▸ THE DATA
•••••

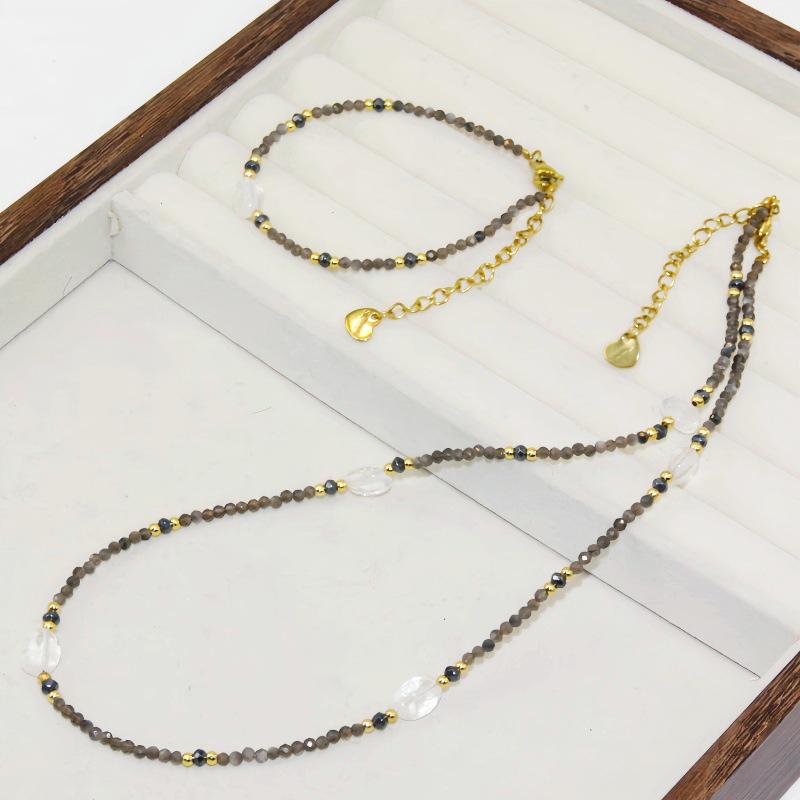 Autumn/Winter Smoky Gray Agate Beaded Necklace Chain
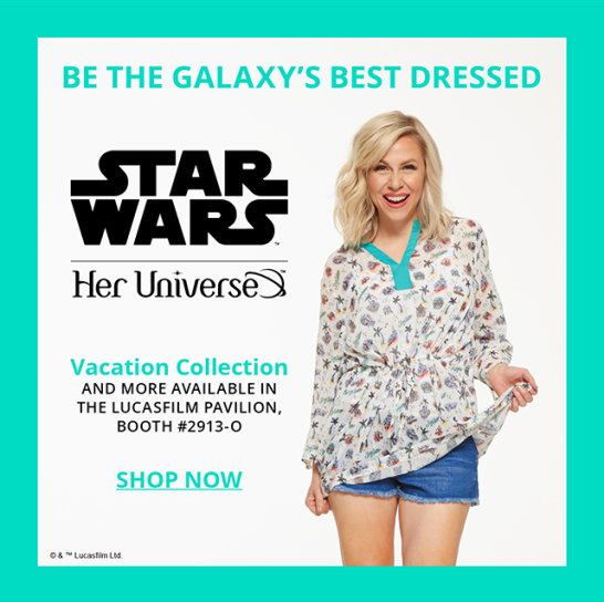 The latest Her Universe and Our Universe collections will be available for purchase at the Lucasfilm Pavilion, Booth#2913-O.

•••••

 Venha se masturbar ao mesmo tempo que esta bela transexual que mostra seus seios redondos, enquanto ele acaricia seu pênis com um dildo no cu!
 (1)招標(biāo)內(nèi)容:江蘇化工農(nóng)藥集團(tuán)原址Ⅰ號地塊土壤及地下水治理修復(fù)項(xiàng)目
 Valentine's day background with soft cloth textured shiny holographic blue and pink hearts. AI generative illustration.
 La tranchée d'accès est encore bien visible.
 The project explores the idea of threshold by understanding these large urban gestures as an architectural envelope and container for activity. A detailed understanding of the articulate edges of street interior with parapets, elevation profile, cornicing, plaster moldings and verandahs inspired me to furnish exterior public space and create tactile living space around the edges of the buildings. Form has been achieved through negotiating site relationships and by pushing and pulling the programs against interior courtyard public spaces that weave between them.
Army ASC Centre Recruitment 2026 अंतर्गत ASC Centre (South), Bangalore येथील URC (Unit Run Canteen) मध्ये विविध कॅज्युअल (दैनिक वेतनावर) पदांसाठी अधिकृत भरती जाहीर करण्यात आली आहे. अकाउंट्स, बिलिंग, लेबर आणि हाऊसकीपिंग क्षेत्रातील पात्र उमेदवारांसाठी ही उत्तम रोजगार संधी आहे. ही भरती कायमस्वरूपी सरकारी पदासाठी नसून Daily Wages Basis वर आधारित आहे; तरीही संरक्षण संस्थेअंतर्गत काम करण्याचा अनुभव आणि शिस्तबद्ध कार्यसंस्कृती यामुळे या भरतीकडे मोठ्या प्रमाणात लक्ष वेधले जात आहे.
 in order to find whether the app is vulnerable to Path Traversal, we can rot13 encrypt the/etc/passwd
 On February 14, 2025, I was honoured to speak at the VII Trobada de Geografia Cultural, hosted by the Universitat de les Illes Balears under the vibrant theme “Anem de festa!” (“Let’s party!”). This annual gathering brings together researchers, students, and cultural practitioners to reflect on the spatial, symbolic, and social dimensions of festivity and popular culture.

•••••

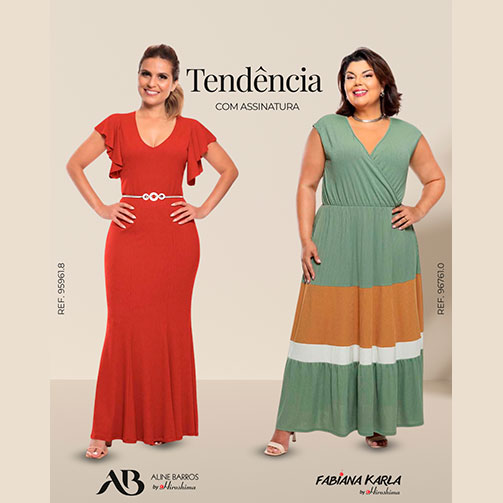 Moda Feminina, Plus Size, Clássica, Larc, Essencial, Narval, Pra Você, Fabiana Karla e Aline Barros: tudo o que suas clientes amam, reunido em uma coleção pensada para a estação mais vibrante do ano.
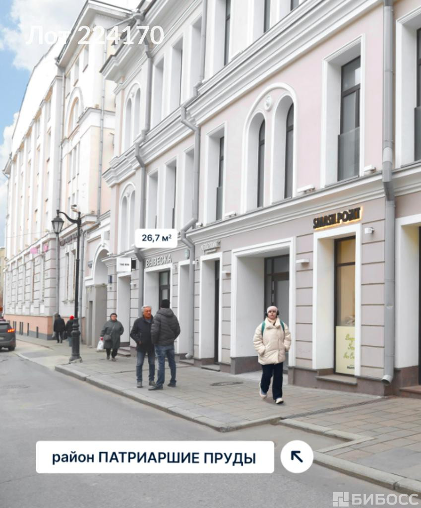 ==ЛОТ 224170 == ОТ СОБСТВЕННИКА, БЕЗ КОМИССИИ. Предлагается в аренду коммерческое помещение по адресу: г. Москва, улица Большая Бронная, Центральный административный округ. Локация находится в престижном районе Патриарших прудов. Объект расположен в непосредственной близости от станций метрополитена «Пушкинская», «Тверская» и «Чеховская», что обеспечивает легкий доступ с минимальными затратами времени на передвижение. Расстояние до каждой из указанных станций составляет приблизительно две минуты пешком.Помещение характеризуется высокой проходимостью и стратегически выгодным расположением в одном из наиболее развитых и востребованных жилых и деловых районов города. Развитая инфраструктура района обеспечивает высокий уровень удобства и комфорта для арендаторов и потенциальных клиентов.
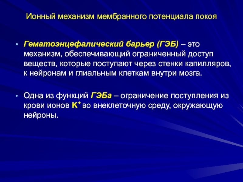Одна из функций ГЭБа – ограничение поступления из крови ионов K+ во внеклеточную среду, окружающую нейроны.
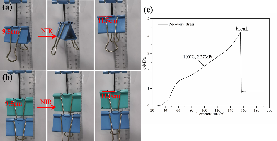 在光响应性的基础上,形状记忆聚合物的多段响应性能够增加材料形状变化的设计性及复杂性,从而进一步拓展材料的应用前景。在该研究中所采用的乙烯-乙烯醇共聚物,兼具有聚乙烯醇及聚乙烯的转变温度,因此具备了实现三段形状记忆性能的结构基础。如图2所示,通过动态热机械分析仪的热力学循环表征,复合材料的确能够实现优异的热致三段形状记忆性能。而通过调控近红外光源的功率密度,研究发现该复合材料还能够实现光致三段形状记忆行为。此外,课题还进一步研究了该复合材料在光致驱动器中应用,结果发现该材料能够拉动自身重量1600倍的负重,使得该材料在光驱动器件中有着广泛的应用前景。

•••••

▸ INSTRUCTIONS FOR THE TASK
Looking at the records above, return exactly the lines from the line with "Army ASC Centre" to the line with "On February 14, 2025, I", both ends included.

▸ TASK RESULT
Army ASC Centre Recruitment 2026 अंतर्गत ASC Centre (South), Bangalore येथील URC (Unit Run Canteen) मध्ये विविध कॅज्युअल (दैनिक वेतनावर) पदांसाठी अधिकृत भरती जाहीर करण्यात आली आहे. अकाउंट्स, बिलिंग, लेबर आणि हाऊसकीपिंग क्षेत्रातील पात्र उमेदवारांसाठी ही उत्तम रोजगार संधी आहे. ही भरती कायमस्वरूपी सरकारी पदासाठी नसून Daily Wages Basis वर आधारित आहे; तरीही संरक्षण संस्थेअंतर्गत काम करण्याचा अनुभव आणि शिस्तबद्ध कार्यसंस्कृती यामुळे या भरतीकडे मोठ्या प्रमाणात लक्ष वेधले जात आहे.
 in order to find whether the app is vulnerable to Path Traversal, we can rot13 encrypt the/etc/passwd
 On February 14, 2025, I was honoured to speak at the VII Trobada de Geografia Cultural, hosted by the Universitat de les Illes Balears under the vibrant theme “Anem de festa!” (“Let’s party!”). This annual gathering brings together researchers, students, and cultural practitioners to reflect on the spatial, symbolic, and social dimensions of festivity and popular culture.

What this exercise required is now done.